[Exercise directions]: Give the data below again exactly as it stands. Omit the pictures.

[Supplied records]:
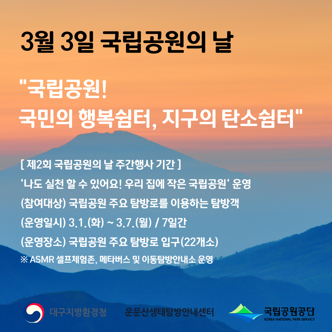 | 3 | 제2회 3월 3일 국립공원의 날 | 관리자 | 2022.02.26 | 1026 | ![]() |
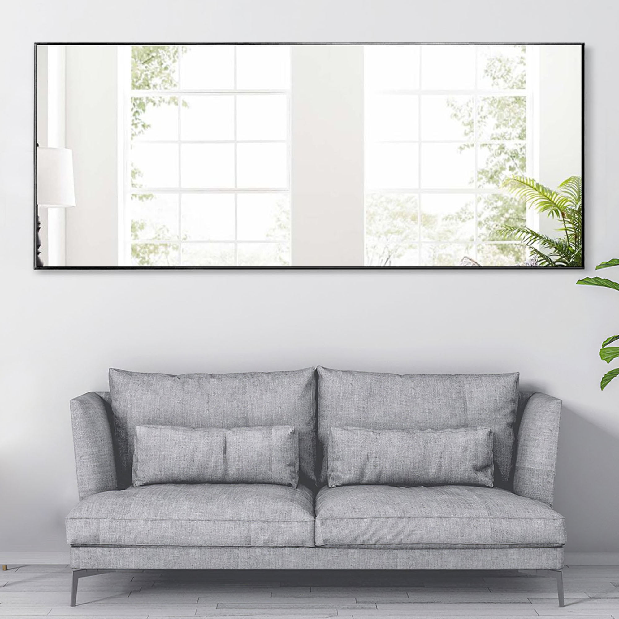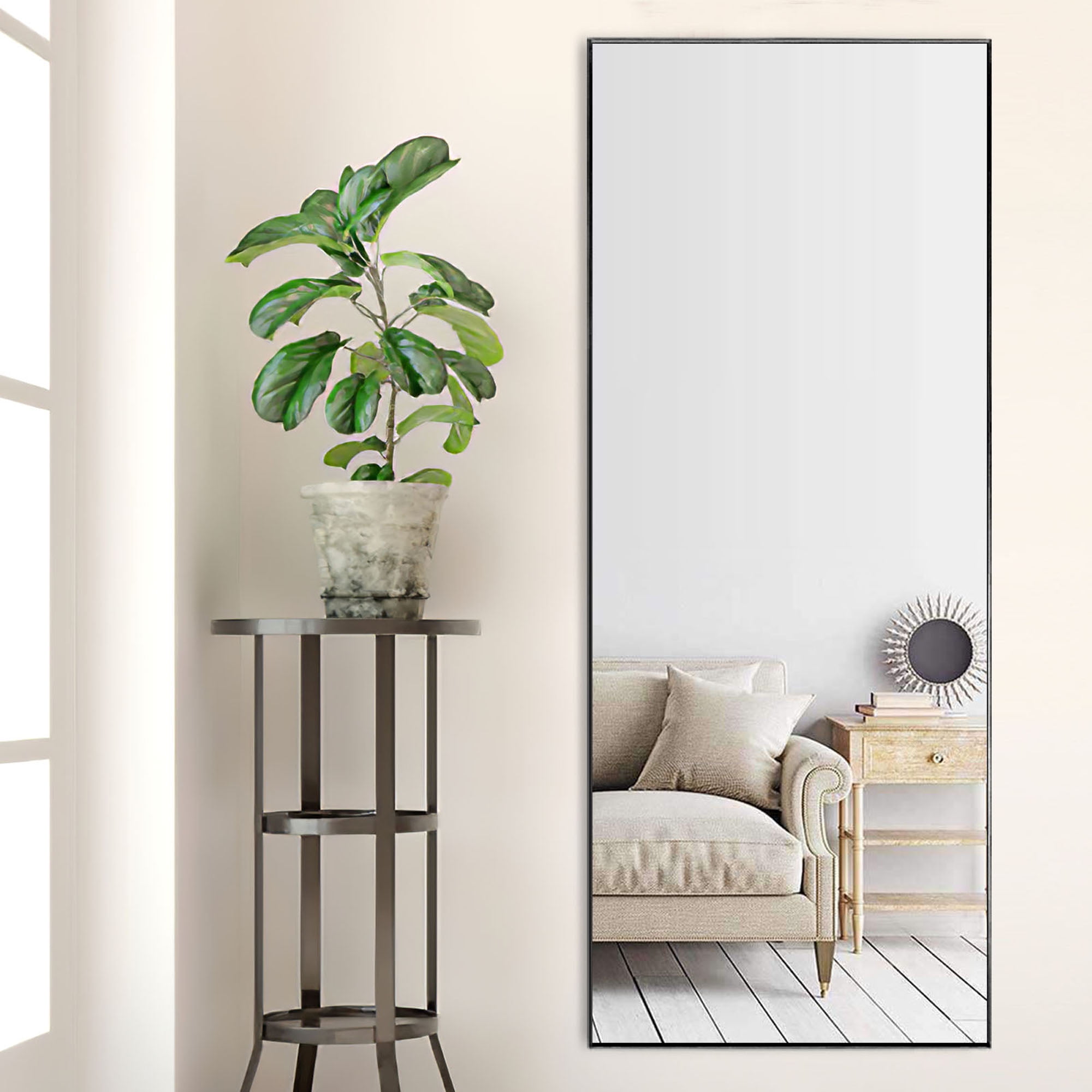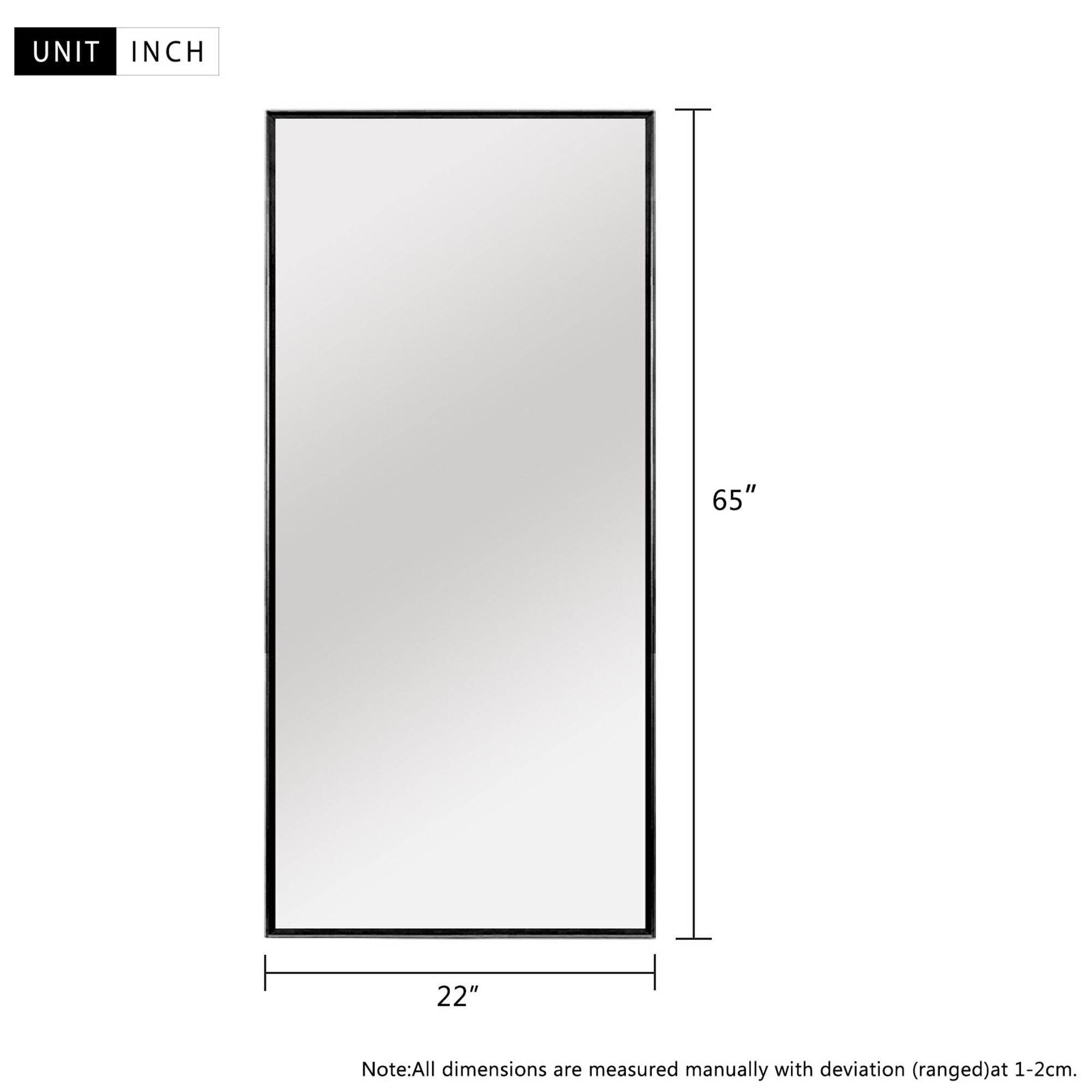 MIRROR SIZE: Height: 64in, Length: 22in. Perfect size to place it in bedrooms, bathrooms, living rooms, and entryways. EXQUISITE WORKMANSHIP: The full body mirror is made of high-quality aluminum alloy frame, which is durable and has a shiny appearance. The sides of the floor mirror are smooth. We have added an explosion-proof membrane to prevent the mirror from being broken and hurting people. We use multiple packing materials to pack the floor mirror to protect the mirror. EASY TO INSTALL: The floor mirror has a bracket and just easily pull out the stand in seconds to use it. If you want to hang it on the wall, we have attached an installation manual in the box, and you can install it easily according to the installation instructions. HD Imaging: The floor mirror glass is high-definition and is clear with great reflective value with no distortion. The full length mirror uses high definition imaging to truly restore and reflect the real world. High transparency glass and quality silver coating will also give you a good image on top. Designed with simplicity and precision, rectangle frame, clean and sleek surface, aesthetic styling, with tight black alloy frame, perfect for both vintage and modern style environments. MULTIPLE PLACEMENT METHODS: The full length mirror is with a stand and can stand everywhere. The floor mirror can be leaned against the wall anywhere. The mirror can be hung on the wall horizontally or vertically as a wall mounted mirror.
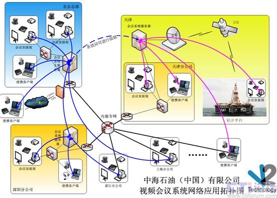 中海石油(中國)有限公司V2 Conference系統(tǒng)網(wǎng)絡(luò)應(yīng)用拓撲圖:
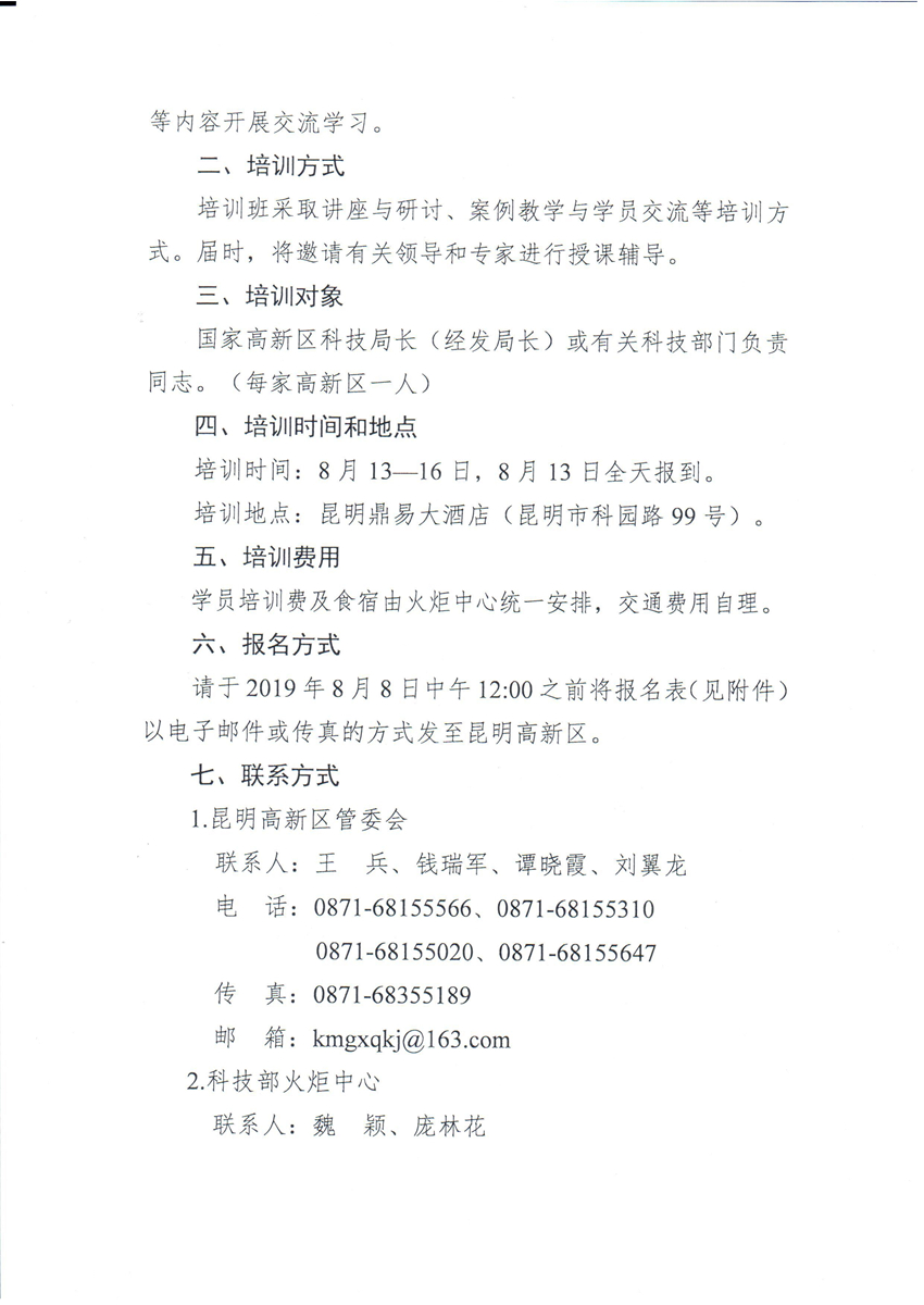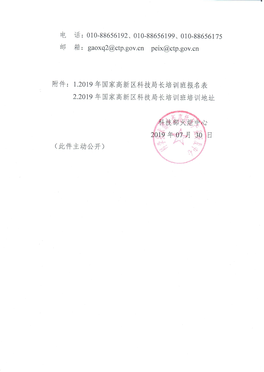 附件1:2019年國家高新區(qū)科技局長培訓(xùn)班報名表
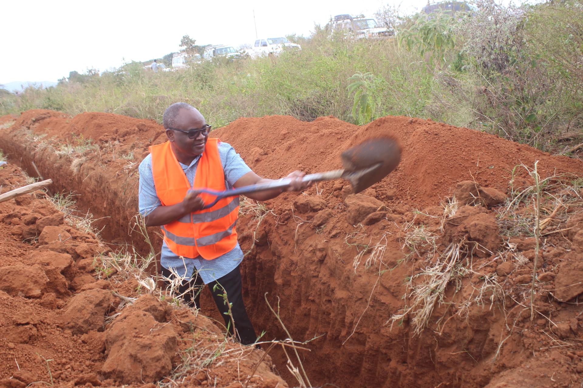Katibu Mkuu wa Wizara ya Maji, Profesa Kitila Mkumbo akishiriki kwenye uchimbaji wa mtaro wa kulaza bomba la maji kutoka kwenye chanzo hadi uwanja wa ndege wa Wilayani Chato.
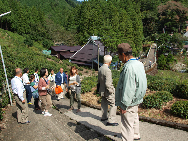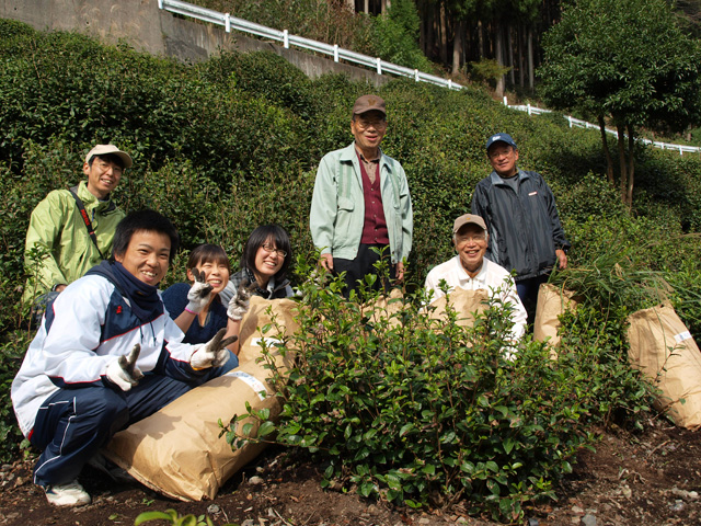 きっかけは今年9月に行われた「地域再生システム(特)論」という授業だった。フィールドワークである地域を実際に歩き、そこの抱える課題を探り、課題の解決策を提案するのである。初めて政所を訪れた日、茶農家の方に集落を案内していただきながら、茶にまつわる様々な話を聞いた。「先祖から守ってきたものを守りたい。『政所』の名前だけが残って茶が残らないのはみじめだ」という言葉に茶への誇りが込められていた。しかし集落を歩くと斜面に雑草が生え荒れた茶畑が目に入る。体力的にも手がまわらないのだという。「あそこなら好きにしていいよ」との言葉にメンバーの目が輝き、すべてが動きはじめた。
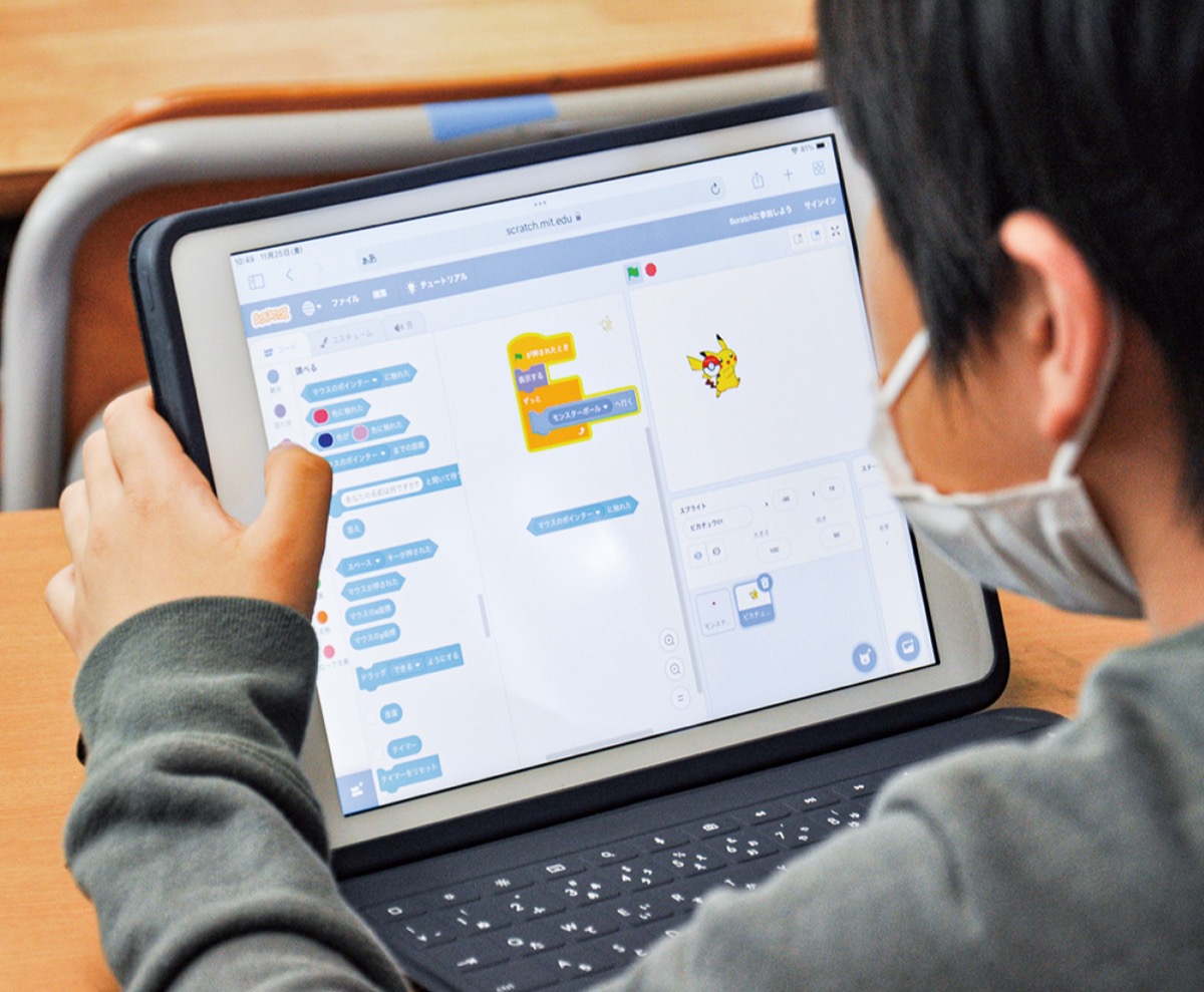当日は山中竹春市長も視察に訪れる中、3年1組の児童がタブレット端末を操作し、動くポケモンをモンスターボールで「ゲット」するゲーム作りに挑戦。ブロックの組み合わせでプログラミングができる「Scratch」を使い、出現するポケモンの数を変えたり、背景や効果音をつけながら自分だけのゲーム作りを楽しんだ。
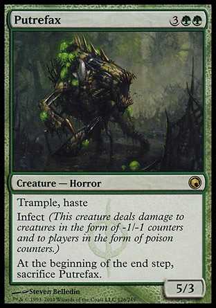 | Card Text | Trample, haste Infect (This creature deals damage to creatures in the form of -1/-1 counters and to players in the form of poison counters.) At the beginning of the end step, sacrifice Putrefax. |

[Result]:
 | 3 | 제2회 3월 3일 국립공원의 날 | 관리자 | 2022.02.26 | 1026 | ![]() |
 MIRROR SIZE: Height: 64in, Length: 22in. Perfect size to place it in bedrooms, bathrooms, living rooms, and entryways. EXQUISITE WORKMANSHIP: The full body mirror is made of high-quality aluminum alloy frame, which is durable and has a shiny appearance. The sides of the floor mirror are smooth. We have added an explosion-proof membrane to prevent the mirror from being broken and hurting people. We use multiple packing materials to pack the floor mirror to protect the mirror. EASY TO INSTALL: The floor mirror has a bracket and just easily pull out the stand in seconds to use it. If you want to hang it on the wall, we have attached an installation manual in the box, and you can install it easily according to the installation instructions. HD Imaging: The floor mirror glass is high-definition and is clear with great reflective value with no distortion. The full length mirror uses high definition imaging to truly restore and reflect the real world. High transparency glass and quality silver coating will also give you a good image on top. Designed with simplicity and precision, rectangle frame, clean and sleek surface, aesthetic styling, with tight black alloy frame, perfect for both vintage and modern style environments. MULTIPLE PLACEMENT METHODS: The full length mirror is with a stand and can stand everywhere. The floor mirror can be leaned against the wall anywhere. The mirror can be hung on the wall horizontally or vertically as a wall mounted mirror.
 中海石油(中國)有限公司V2 Conference系統(tǒng)網(wǎng)絡(luò)應(yīng)用拓撲圖:
 附件1:2019年國家高新區(qū)科技局長培訓(xùn)班報名表
Katibu Mkuu wa Wizara ya Maji, Profesa Kitila Mkumbo akishiriki kwenye uchimbaji wa mtaro wa kulaza bomba la maji kutoka kwenye chanzo hadi uwanja wa ndege wa Wilayani Chato.
 きっかけは今年9月に行われた「地域再生システム(特)論」という授業だった。フィールドワークである地域を実際に歩き、そこの抱える課題を探り、課題の解決策を提案するのである。初めて政所を訪れた日、茶農家の方に集落を案内していただきながら、茶にまつわる様々な話を聞いた。「先祖から守ってきたものを守りたい。『政所』の名前だけが残って茶が残らないのはみじめだ」という言葉に茶への誇りが込められていた。しかし集落を歩くと斜面に雑草が生え荒れた茶畑が目に入る。体力的にも手がまわらないのだという。「あそこなら好きにしていいよ」との言葉にメンバーの目が輝き、すべてが動きはじめた。
当日は山中竹春市長も視察に訪れる中、3年1組の児童がタブレット端末を操作し、動くポケモンをモンスターボールで「ゲット」するゲーム作りに挑戦。ブロックの組み合わせでプログラミングができる「Scratch」を使い、出現するポケモンの数を変えたり、背景や効果音をつけながら自分だけのゲーム作りを楽しんだ。
 | Card Text | Trample, haste Infect (This creature deals damage to creatures in the form of -1/-1 counters and to players in the form of poison counters.) At the beginning of the end step, sacrifice Putrefax. |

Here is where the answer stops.